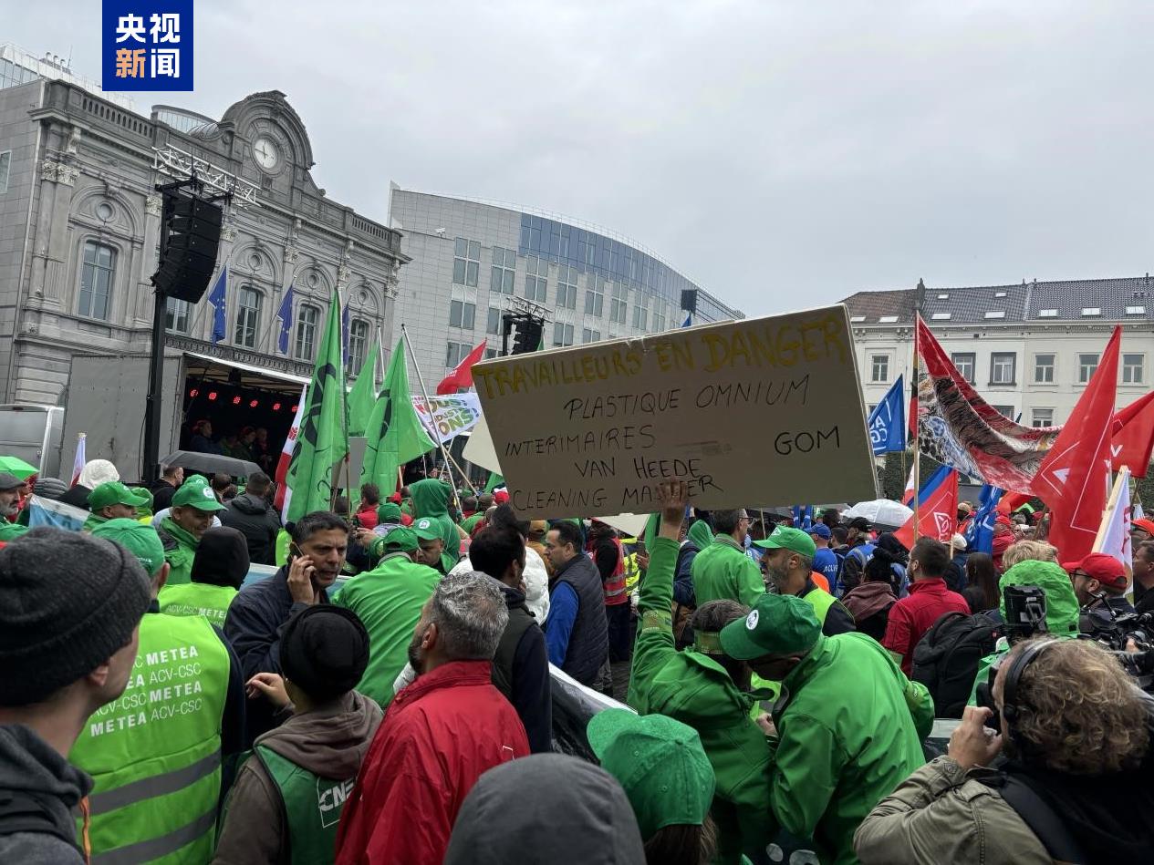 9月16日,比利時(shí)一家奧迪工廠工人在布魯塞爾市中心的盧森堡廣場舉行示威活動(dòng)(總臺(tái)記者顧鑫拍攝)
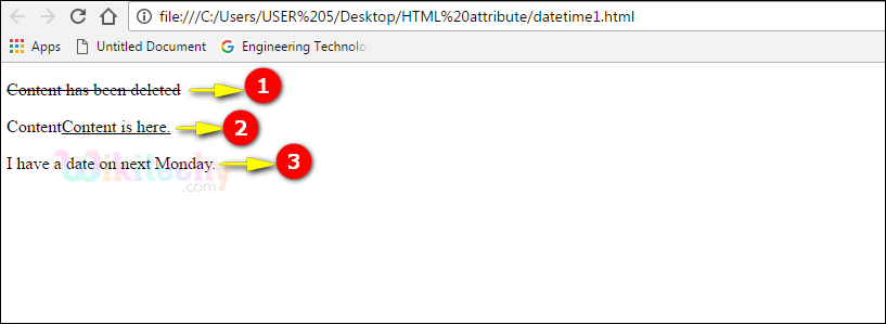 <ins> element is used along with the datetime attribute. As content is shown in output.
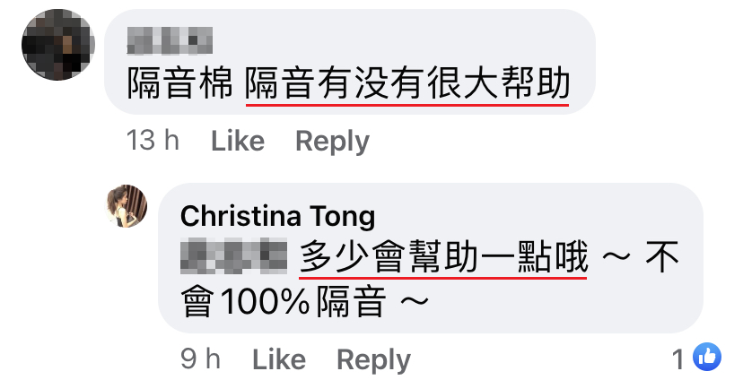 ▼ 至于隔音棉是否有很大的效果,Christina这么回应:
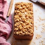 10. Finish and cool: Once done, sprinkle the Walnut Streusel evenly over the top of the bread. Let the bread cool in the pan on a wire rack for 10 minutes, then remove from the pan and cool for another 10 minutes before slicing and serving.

::::::

- [TASK]:
Without the pictures, repeat the listing exactly as it reads.

- [THE ANSWER]:
 9月16日,比利時(shí)一家奧迪工廠工人在布魯塞爾市中心的盧森堡廣場舉行示威活動(dòng)(總臺(tái)記者顧鑫拍攝)
 <ins> element is used along with the datetime attribute. As content is shown in output.
 ▼ 至于隔音棉是否有很大的效果,Christina这么回应:
 10. Finish and cool: Once done, sprinkle the Walnut Streusel evenly over the top of the bread. Let the bread cool in the pan on a wire rack for 10 minutes, then remove from the pan and cool for another 10 minutes before slicing and serving.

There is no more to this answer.